USW members learn from EMT pioneer during Black History Month webinar

John Moon was responsible for many “firsts” of ambulatory care, including being the first Emergency Medical Technician (EMT) to intubate a person in the field. He and his co-workers accomplished this and much more while serving with the Freedom House Ambulance Service, the first emergency medical service in the United States to be staffed by paramedics with medical training beyond basic first aid.

USW members had the chance to hear directly from Moon on Tues., Feb. 21, during a special Black History Month “Teaching Tuesday” organized by the USW Health Care Workers Council and the Education and Membership Development department.

The webinar featured a screening of the WQED documentary “Freedom House Ambulance: The First Responders,” produced by Annette Banks, who also joined the evening’s discussion.

Moon expressed his gratitude for being able to participate in the film and keep the legacy of Freedom House alive.

“I am still in awe of how so far ahead of our time we were during that era,” said Moon. “It really makes my heart smile. I’m emotional about it even now.”

Founded in 1967 to serve the predominantly Black residents of the Hill District in Pittsburgh, Pennsylvania, the majority of Freedom House staff were Black workers. The ambulance service broke medical ground by training its personnel in previously unheard-of standards of emergency medical care for patients en route to hospitals.

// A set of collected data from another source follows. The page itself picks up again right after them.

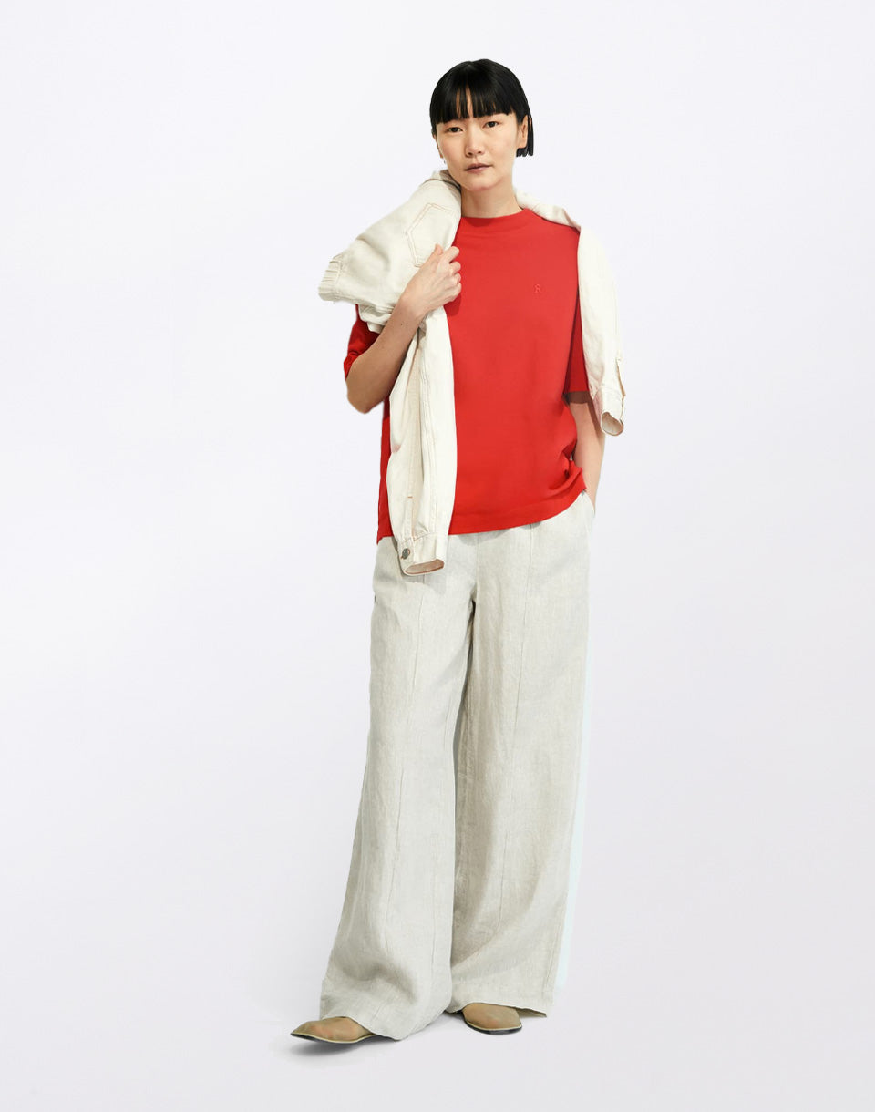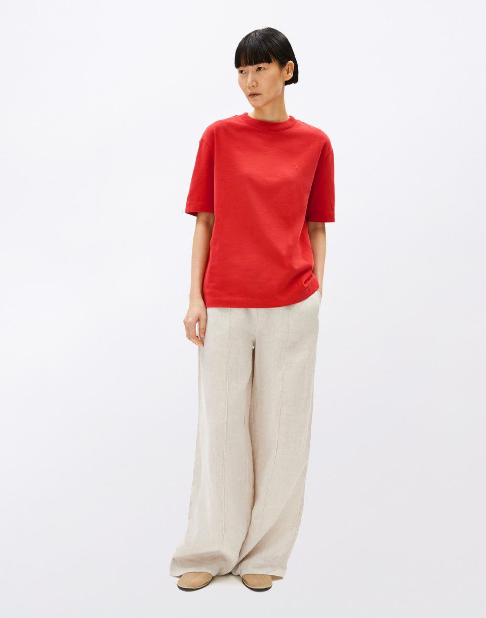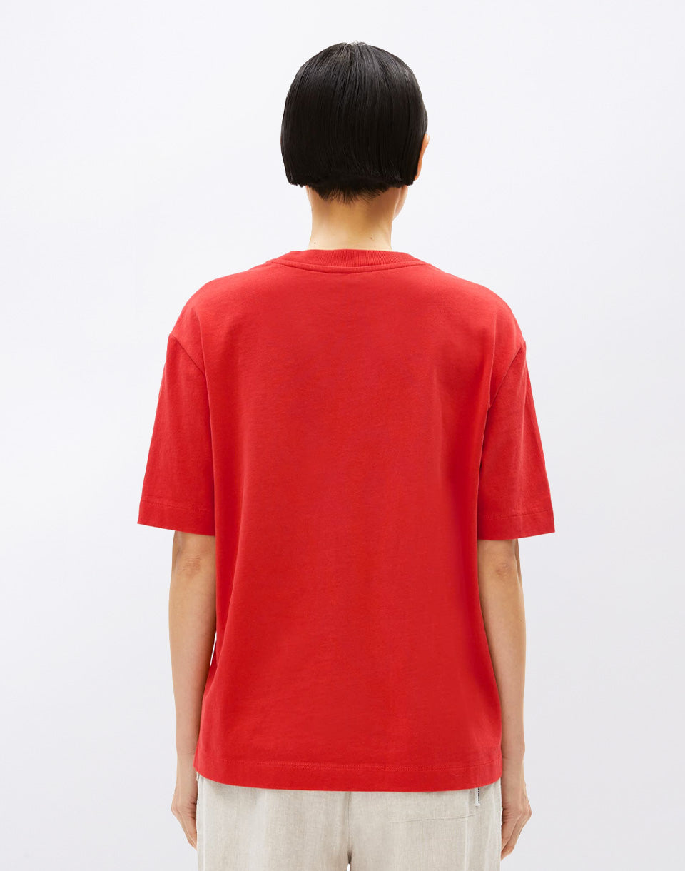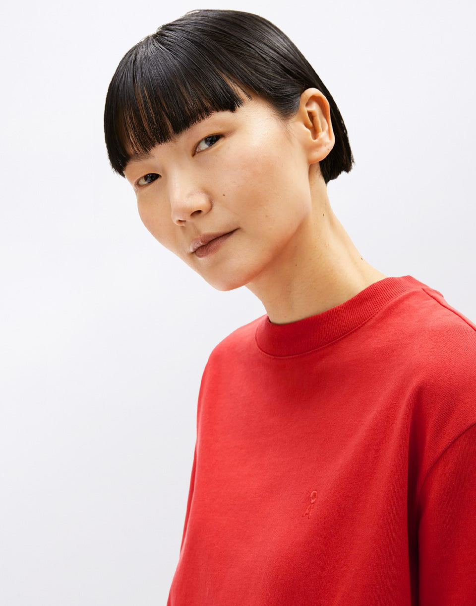 Armedangels Tarjaa - un t-shirt ample monochrome pour femme, fabriqué de manière équitable à partir d'un mélange de coton recyclé et biologique.
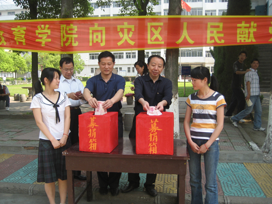 自四川汶川发生地震以来,灾区人民的情况一直牵动着教育学院广大师生的心。5月15日,学院发出号召,倡议大家表达爱心,踊跃捐款。5月16日上午,教育学院工会组织广大师生在菱湖校区英语角向灾区献爱心活动。短短几分钟时间,捐款达到8300元。很多在上课的老师和在外进修的老师都专门托人赶来捐款。大家纷纷表示,将时刻关注灾区情况,与灾区人民共患难。(教育学院)
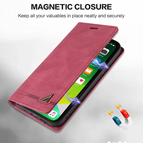 FMPCUON Custodia per Samsung Galaxy S22 Ultra,Flip Wallet Case in Pelle,[Slot] [Stand] [Chiusura Magnetica] PU Portafoglio Antiurto per Samsung Galaxy S22 Ultra,Case -Rosso

Despite their immaculate record, Freedom House Ambulance Service's request to expand their contract with the city to cover additional parts of Pittsburgh was denied by Mayor Peter Flaherty.

In 1974, the mayor announced plans for a citywide ambulance system to be staffed by police officers trained as paramedics. At the end of the year, he then announced the creation of a citywide ambulance service to be staffed by non-police paramedics and the end of the contract with Freedom House.

Moon was one of the few Black EMTs who joined the city’s ambulatory service, as many were pushed out, and he experienced discrimination daily on the job.

“I had to step up my game and make sure I was not systematically eliminated,” said Moon, who retired in 2009 as assistant chief of Pittsburgh’s EMS. “We weren’t wanted there.”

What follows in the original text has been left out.